### DATA TO EXAMINE
________________________________________

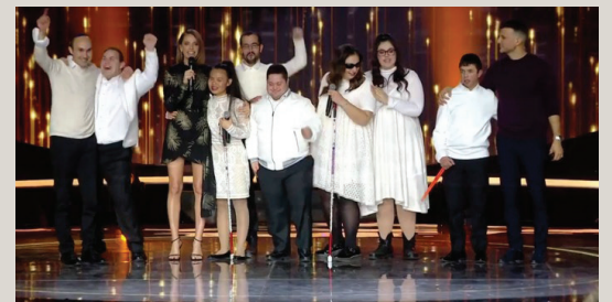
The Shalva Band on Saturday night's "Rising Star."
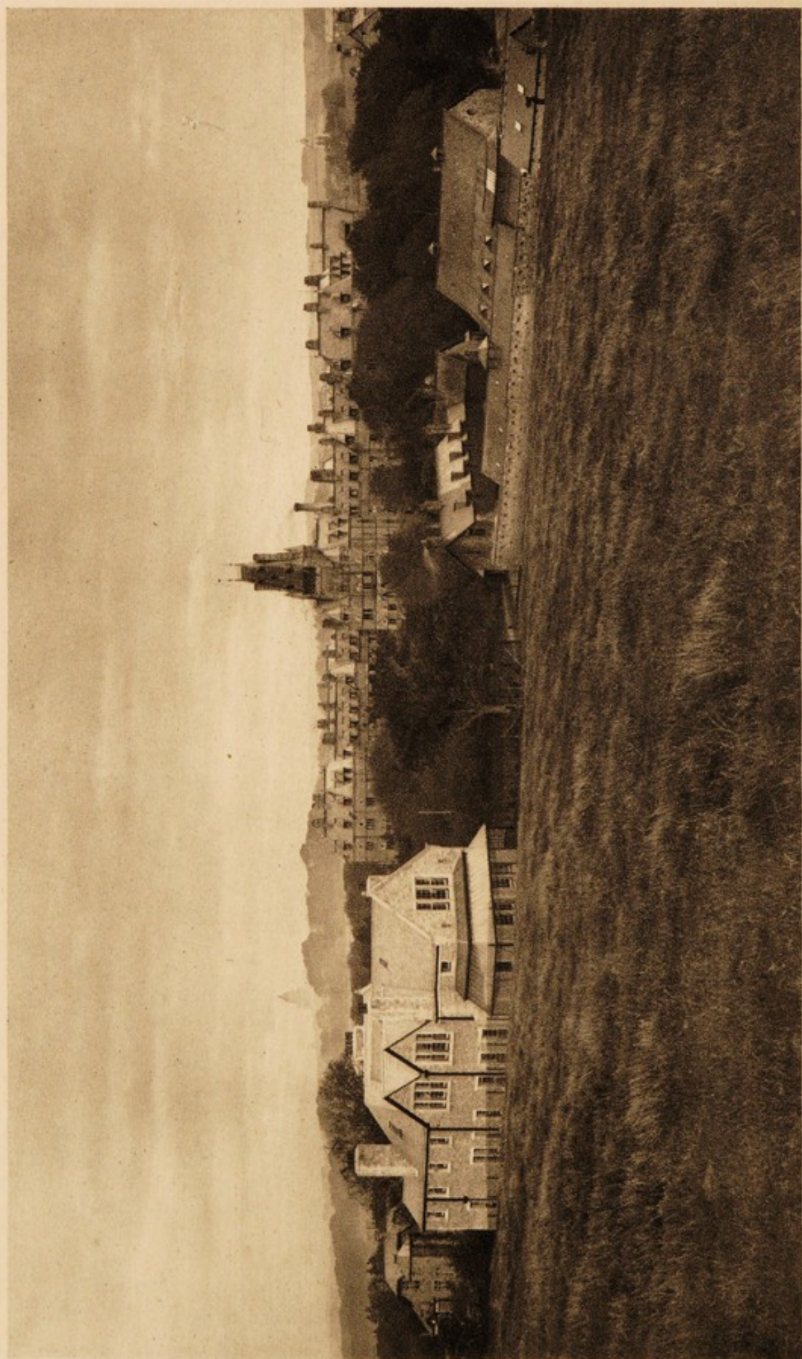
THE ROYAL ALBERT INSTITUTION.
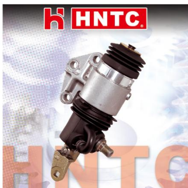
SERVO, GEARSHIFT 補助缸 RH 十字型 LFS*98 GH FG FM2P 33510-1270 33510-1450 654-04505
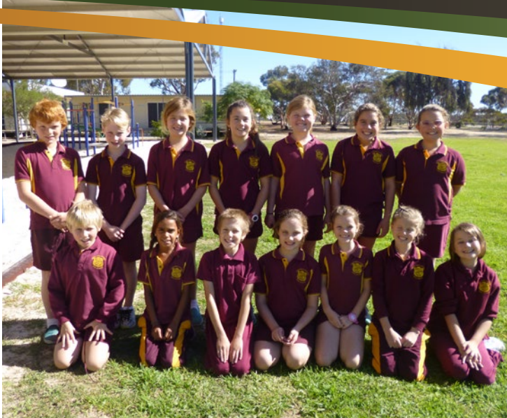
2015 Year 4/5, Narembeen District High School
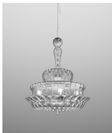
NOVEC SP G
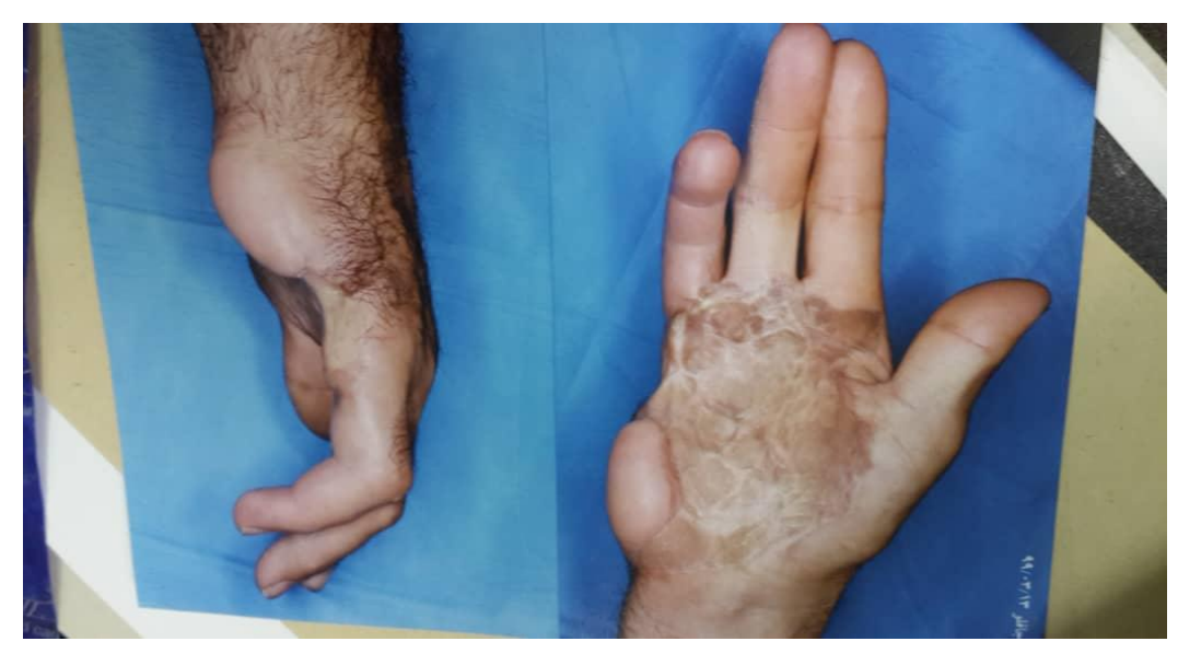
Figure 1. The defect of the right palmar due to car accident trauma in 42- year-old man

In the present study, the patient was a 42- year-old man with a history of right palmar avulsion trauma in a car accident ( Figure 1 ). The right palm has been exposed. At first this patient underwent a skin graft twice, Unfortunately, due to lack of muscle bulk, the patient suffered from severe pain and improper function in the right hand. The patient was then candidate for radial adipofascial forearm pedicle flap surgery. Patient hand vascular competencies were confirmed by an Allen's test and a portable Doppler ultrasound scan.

________________________________________

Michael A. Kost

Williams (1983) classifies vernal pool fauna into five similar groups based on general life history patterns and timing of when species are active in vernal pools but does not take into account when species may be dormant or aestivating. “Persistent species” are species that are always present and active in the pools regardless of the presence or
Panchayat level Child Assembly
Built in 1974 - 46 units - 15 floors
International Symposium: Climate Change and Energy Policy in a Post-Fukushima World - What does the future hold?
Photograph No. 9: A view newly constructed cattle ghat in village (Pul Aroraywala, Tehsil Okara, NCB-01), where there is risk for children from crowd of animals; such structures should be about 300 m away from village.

________________________________________

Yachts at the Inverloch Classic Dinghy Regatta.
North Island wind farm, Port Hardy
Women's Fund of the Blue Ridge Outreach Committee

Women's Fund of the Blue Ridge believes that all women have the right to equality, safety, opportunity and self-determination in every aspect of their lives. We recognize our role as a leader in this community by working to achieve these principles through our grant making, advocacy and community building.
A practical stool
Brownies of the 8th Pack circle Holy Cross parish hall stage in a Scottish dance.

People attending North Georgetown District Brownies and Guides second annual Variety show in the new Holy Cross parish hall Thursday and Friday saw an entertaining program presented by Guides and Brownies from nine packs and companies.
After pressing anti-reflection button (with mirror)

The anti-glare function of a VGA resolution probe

________________________________________

### AIM OF THE EXERCISE
Make a list of all lines in the data that contain "accident".

### ANSWER BELOW
Figure 1. The defect of the right palmar due to car accident trauma in 42- year-old man
In the present study, the patient was a 42- year-old man with a history of right palmar avulsion trauma in a car accident ( Figure 1 ). The right palm has been exposed. At first this patient underwent a skin graft twice, Unfortunately, due to lack of muscle bulk, the patient suffered from severe pain and improper function in the right hand. The patient was then candidate for radial adipofascial forearm pedicle flap surgery. Patient hand vascular competencies were confirmed by an Allen's test and a portable Doppler ultrasound scan.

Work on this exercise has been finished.